**YOUR OBJECTIVE**
When you transcribe the entries below, keep the wording exact and omit the pictures.

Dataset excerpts
══════════════════════════════
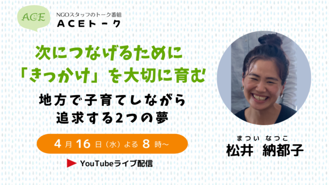 - 【ACEトーク】松井 納都子:次につなげるために「きっかけ」を大切に育む 地方で子育てしながら追求する2つの夢
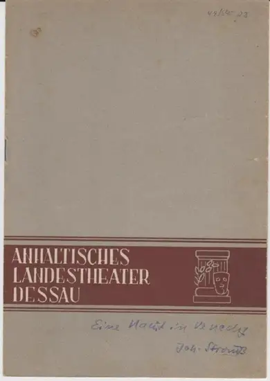 Dessau. - Landestheater. - Anhaltisches Theater. - Intendant: Willy Bodenstein. - Red. : Heinz Thiel. - Johann Strauß: Anhaltisches Landestheater Dessau. Heft 28 der Spielzeit 1949 / 1950. - Mit Besetzungsliste zu: Eine Nacht in Venedig ( Operette von F.
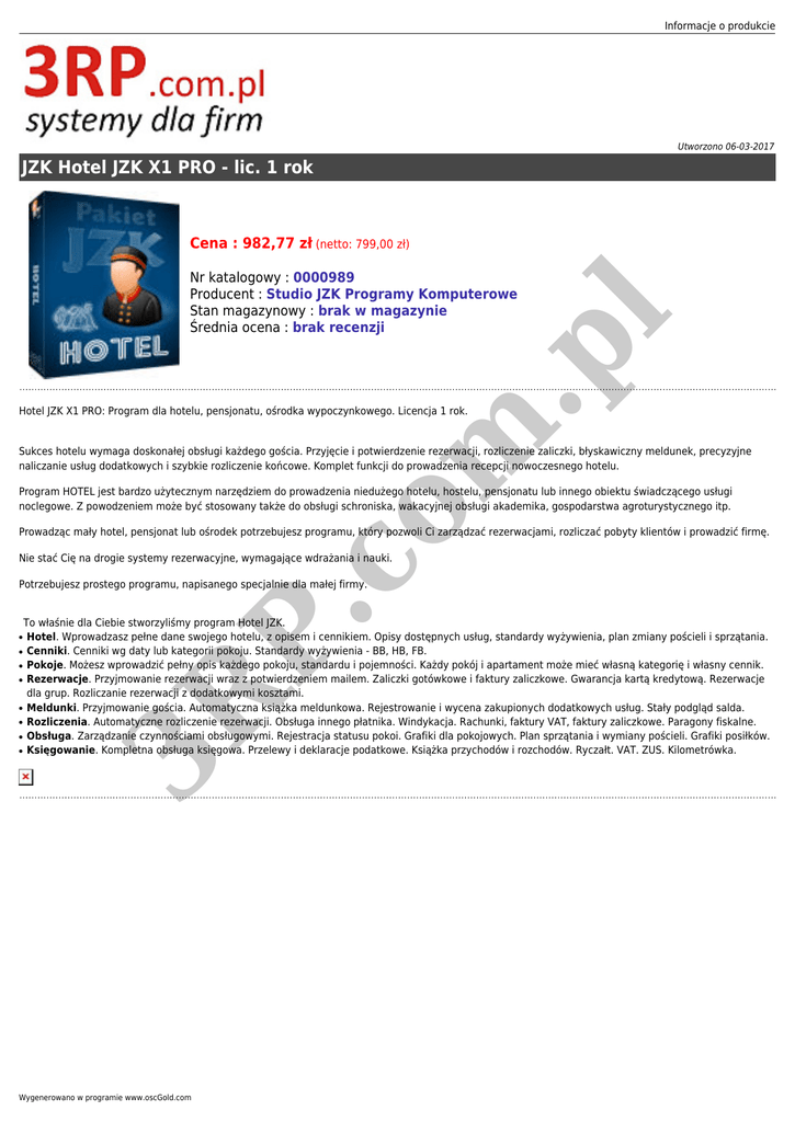Informacje o produkcie Utworzono 06-03-2017 JZK Hotel JZK X1 PRO - lic. 1 rok Cena : 982,77 zł (netto: 799,00 zł) .p l Nr katalogowy : 0000989 Producent : Studio JZK Programy Komputerowe Stan magazynowy : brak w magazynie Średnia ocena : brak recenzji co m Hotel JZK X1 PRO: Program dla hotelu, pensjonatu, ośrodka wypoczynkowego. Licencja 1 rok. Sukces hotelu wymaga doskonałej obsługi każdego gościa. Przyjęcie i potwierdzenie rezerwacji, rozliczenie zaliczki, błyskawiczny meldunek, precyzyjne naliczanie usług dodatkowych i szybkie rozliczenie końcowe. Komplet funkcji do prowadzenia recepcji nowoczesnego hotelu. Program HOTEL jest bardzo użytecznym narzędziem do prowadzenia niedużego hotelu, hostelu, pensjonatu lub innego obiektu świadczącego usługi noclegowe. Z powodzeniem może być stosowany także do obsługi schroniska, wakacyjnej obsługi akademika, gospodarstwa agroturystycznego itp. Prowadząc mały hotel, pensjonat lub ośrodek potrzebujesz programu, który pozwoli Ci zarządzać rezerwacjami, rozliczać pobyty klientów i prowadzić firmę. Nie stać Cię na drogie systemy rezerwacyjne, wymagające wdrażania i nauki. ● ● ● ● ● ● ● To właśnie dla Ciebie stworzyliśmy program Hotel JZK. Hotel. Wprowadzasz pełne dane swojego hotelu, z opisem i cennikiem. Opisy dostępnych usług, standardy wyżywienia, plan zmiany pościeli i sprzątania. Cenniki. Cenniki wg daty lub kategorii pokoju. Standardy wyżywienia - BB, HB, FB. Pokoje. Możesz wprowadzić pełny opis każdego pokoju, standardu i pojemności. Każdy pokój i apartament może mieć własną kategorię i własny cennik. Rezerwacje. Przyjmowanie rezerwacji wraz z potwierdzeniem mailem. Zaliczki gotówkowe i faktury zaliczkowe. Gwarancja kartą kredytową. Rezerwacje dla grup. Rozliczanie rezerwacji z dodatkowymi kosztami. Meldunki. Przyjmowanie gościa. Automatyczna książka meldunkowa. Rejestrowanie i wycena zakupionych dodatkowych usług. Stały podgląd salda. Rozliczenia. Automatyczne rozliczenie rezerwacji. Obsługa innego płatnika. Windykacja. Rachunki, faktury VAT, faktury zaliczkowe. Paragony fiskalne. Obsługa. Zarządzanie czynnościami obsługowymi. Rejestracja statusu pokoi. Grafiki dla pokojowych. Plan sprzątania i wymiany pościeli. Grafiki posiłków. Księgowanie. Kompletna obsługa księgowa. Przelewy i deklaracje podatkowe. Książka przychodów i rozchodów. Ryczałt. VAT. ZUS. Kilometrówka. 3R ● P. Potrzebujesz prostego programu, napisanego specjalnie dla małej firmy. Wygenerowano w programie www.oscGold.com
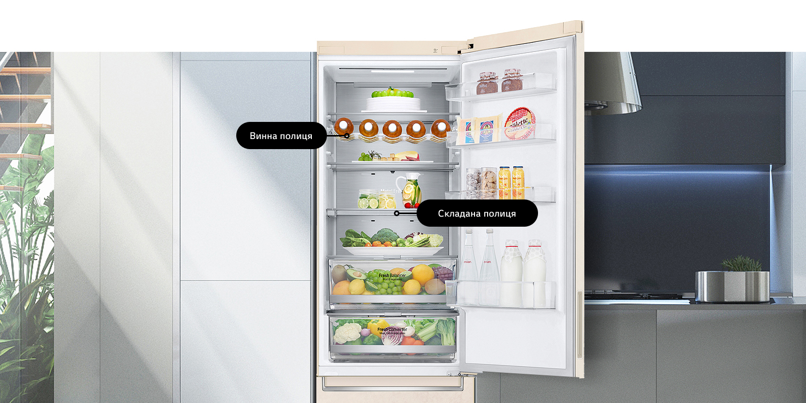 Зручність зберігання та постійний порядок у холодильнику тепер легко досяжні завдяки полиці для вина та складаної полиці у два кроки, які допоможуть економно та ергономічно організувати простір у Вашому холодильнику.
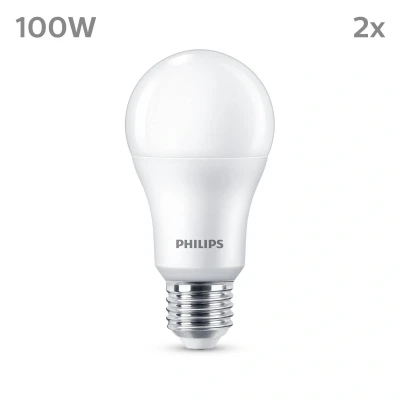 E27 LED lamp, 13W, 1,521lm, 4,000K with matte plastic bulb, in set of 2 This powerful LED lamp A67 with E27 base replaces conventional incandescent lamps with 100W. Due to the matte bulb, the universal white light is emitted homogeneously to all sides. - Supplied in a pack of 2 - not dimmable - high switching resistance: 50,000 cycles
══════════════════════════════
**SOLVED EXERCISE**
 - 【ACEトーク】松井 納都子:次につなげるために「きっかけ」を大切に育む 地方で子育てしながら追求する2つの夢
 Dessau. - Landestheater. - Anhaltisches Theater. - Intendant: Willy Bodenstein. - Red. : Heinz Thiel. - Johann Strauß: Anhaltisches Landestheater Dessau. Heft 28 der Spielzeit 1949 / 1950. - Mit Besetzungsliste zu: Eine Nacht in Venedig ( Operette von F.
Informacje o produkcie Utworzono 06-03-2017 JZK Hotel JZK X1 PRO - lic. 1 rok Cena : 982,77 zł (netto: 799,00 zł) .p l Nr katalogowy : 0000989 Producent : Studio JZK Programy Komputerowe Stan magazynowy : brak w magazynie Średnia ocena : brak recenzji co m Hotel JZK X1 PRO: Program dla hotelu, pensjonatu, ośrodka wypoczynkowego. Licencja 1 rok. Sukces hotelu wymaga doskonałej obsługi każdego gościa. Przyjęcie i potwierdzenie rezerwacji, rozliczenie zaliczki, błyskawiczny meldunek, precyzyjne naliczanie usług dodatkowych i szybkie rozliczenie końcowe. Komplet funkcji do prowadzenia recepcji nowoczesnego hotelu. Program HOTEL jest bardzo użytecznym narzędziem do prowadzenia niedużego hotelu, hostelu, pensjonatu lub innego obiektu świadczącego usługi noclegowe. Z powodzeniem może być stosowany także do obsługi schroniska, wakacyjnej obsługi akademika, gospodarstwa agroturystycznego itp. Prowadząc mały hotel, pensjonat lub ośrodek potrzebujesz programu, który pozwoli Ci zarządzać rezerwacjami, rozliczać pobyty klientów i prowadzić firmę. Nie stać Cię na drogie systemy rezerwacyjne, wymagające wdrażania i nauki. ● ● ● ● ● ● ● To właśnie dla Ciebie stworzyliśmy program Hotel JZK. Hotel. Wprowadzasz pełne dane swojego hotelu, z opisem i cennikiem. Opisy dostępnych usług, standardy wyżywienia, plan zmiany pościeli i sprzątania. Cenniki. Cenniki wg daty lub kategorii pokoju. Standardy wyżywienia - BB, HB, FB. Pokoje. Możesz wprowadzić pełny opis każdego pokoju, standardu i pojemności. Każdy pokój i apartament może mieć własną kategorię i własny cennik. Rezerwacje. Przyjmowanie rezerwacji wraz z potwierdzeniem mailem. Zaliczki gotówkowe i faktury zaliczkowe. Gwarancja kartą kredytową. Rezerwacje dla grup. Rozliczanie rezerwacji z dodatkowymi kosztami. Meldunki. Przyjmowanie gościa. Automatyczna książka meldunkowa. Rejestrowanie i wycena zakupionych dodatkowych usług. Stały podgląd salda. Rozliczenia. Automatyczne rozliczenie rezerwacji. Obsługa innego płatnika. Windykacja. Rachunki, faktury VAT, faktury zaliczkowe. Paragony fiskalne. Obsługa. Zarządzanie czynnościami obsługowymi. Rejestracja statusu pokoi. Grafiki dla pokojowych. Plan sprzątania i wymiany pościeli. Grafiki posiłków. Księgowanie. Kompletna obsługa księgowa. Przelewy i deklaracje podatkowe. Książka przychodów i rozchodów. Ryczałt. VAT. ZUS. Kilometrówka. 3R ● P. Potrzebujesz prostego programu, napisanego specjalnie dla małej firmy. Wygenerowano w programie www.oscGold.com
 Зручність зберігання та постійний порядок у холодильнику тепер легко досяжні завдяки полиці для вина та складаної полиці у два кроки, які допоможуть економно та ергономічно організувати простір у Вашому холодильнику.
 E27 LED lamp, 13W, 1,521lm, 4,000K with matte plastic bulb, in set of 2 This powerful LED lamp A67 with E27 base replaces conventional incandescent lamps with 100W. Due to the matte bulb, the universal white light is emitted homogeneously to all sides. - Supplied in a pack of 2 - not dimmable - high switching resistance: 50,000 cycles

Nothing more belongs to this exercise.